Another important shortcoming is that no study reported men’s mental health outcomes. For instance, Suaiman (2022) [69], only assessed women’s mental well-being after an online intervention for postpartum depression, even though studies have highlighted that men can also experience postpartum depression [91]. Rather than a joint intervention for couples, a concurrent single-sex intervention delivered to women and their partners separately might improve postpartum depression by addressing that both partners may face mental health challenges at the same time and being able to focus on the individuals particular feelings at that time [91]. Other studies point to the importance of the quality of male support during the postpartum period, underscoring the need for interventions to educate men on how to best provide support to their female partners [32].

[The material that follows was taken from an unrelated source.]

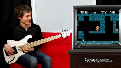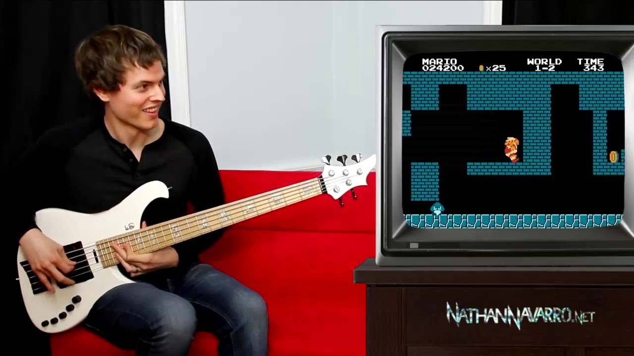 Basista Nathan Navarro napodobuje zvuky a hudbu ze hry Super Mario Bros na basu.

We acknowledge that there are a few limitations to our systematic review. We broadly defined the outcome of women’s mental health to identify as many relevant studies as possible but, along with our inclusion of two qualitative research studies, prevented us from conducting a meta-analysis. We were limited to publications and grey literature written in English, which means we potentially missed relevant literature from many non-English-speaking LMICs. We also did not distinguish between interventions that aim to increase male engagement as an intended outcome and interventions that engage men as an approach (i.e., gender transformative sessions with men) as many of the studies included had both of these components in their intervention. However, since this is the first review looking specifically at the impact of men’s engagement on women’s metal health, we believe that our narrative summary provides an accurate and insightful synthesis of the information across the included studies that can drive future research.
Conclusion
Male partners play a critical role in women’s health interventions and the field of public health is moving towards increasing men’s engagement in women’s health. This systematic review reveals that engaging men in women’s health interventions in LMICs does not seem to negatively impact women’s mental well-being but that there is a need to conduct robust studies to assess this. We also identified that men’s engagement is most often measured through tracking men’s attendance (yes/no) in sessions and activities). We suggest that future interventions that have a men’s engagement component look at measuring quality of engagement through multiple methods that go beyond attendance, including observation and self-report of level or degree of engagement. Our research emphasizes the importance of understanding how to best engage men in women’s health interventions globally.
Supporting information
S1 Table. Quality assessment using the JBI critical appraisal.
https://doi.org/10.1371/journal.pgph.0005168.s003
(DOCX)
Acknowledgments
A special thanks to everyone I consulted on this idea and project especially Dr. Brandon Kohrt, Dr. Caroline Moreau and Dr. Carl Latkin.
References
- 1. Orlando S, Palla I, Ciccacci F, Triulzi I, Thole D, Sangaré HM, et al. Improving Treatment Adherence and Retention of HIV-Positive Women Through Behavioral Change Interventions Aimed at Their Male Partners: Protocol for a Prospective, Controlled Before-and-After Study. JMIR Res Protoc. 2021;10(1):e19384. pmid:33492232
- 2. Lanham M, Wilcher R, Montgomery ET, Pool R, Schuler S, Lenzi R, et al. Engaging male partners in women’s microbicide use: evidence from clinical trials and implications for future research and microbicide introduction. J Int AIDS Soc. 2014;17(3 Suppl 2):19159. pmid:25224618
- 3.
Rottach E, Schuler SR, Hardee-Cleaveland K. Gender perspectives improve reproductive health outcomes: new evidence. Population Reference Bureau. 2009.
- 4.
Greene ME, Mehta M, Pulerwitz J, Wulf D, Bankole A, Singh S. Involving men in reproductive health: contributions to development. Background paper prepared for the UN Millennium Project to contribute to the report Public Choices, Private Decisions: Sexual and Reproductive Health and the. 2006.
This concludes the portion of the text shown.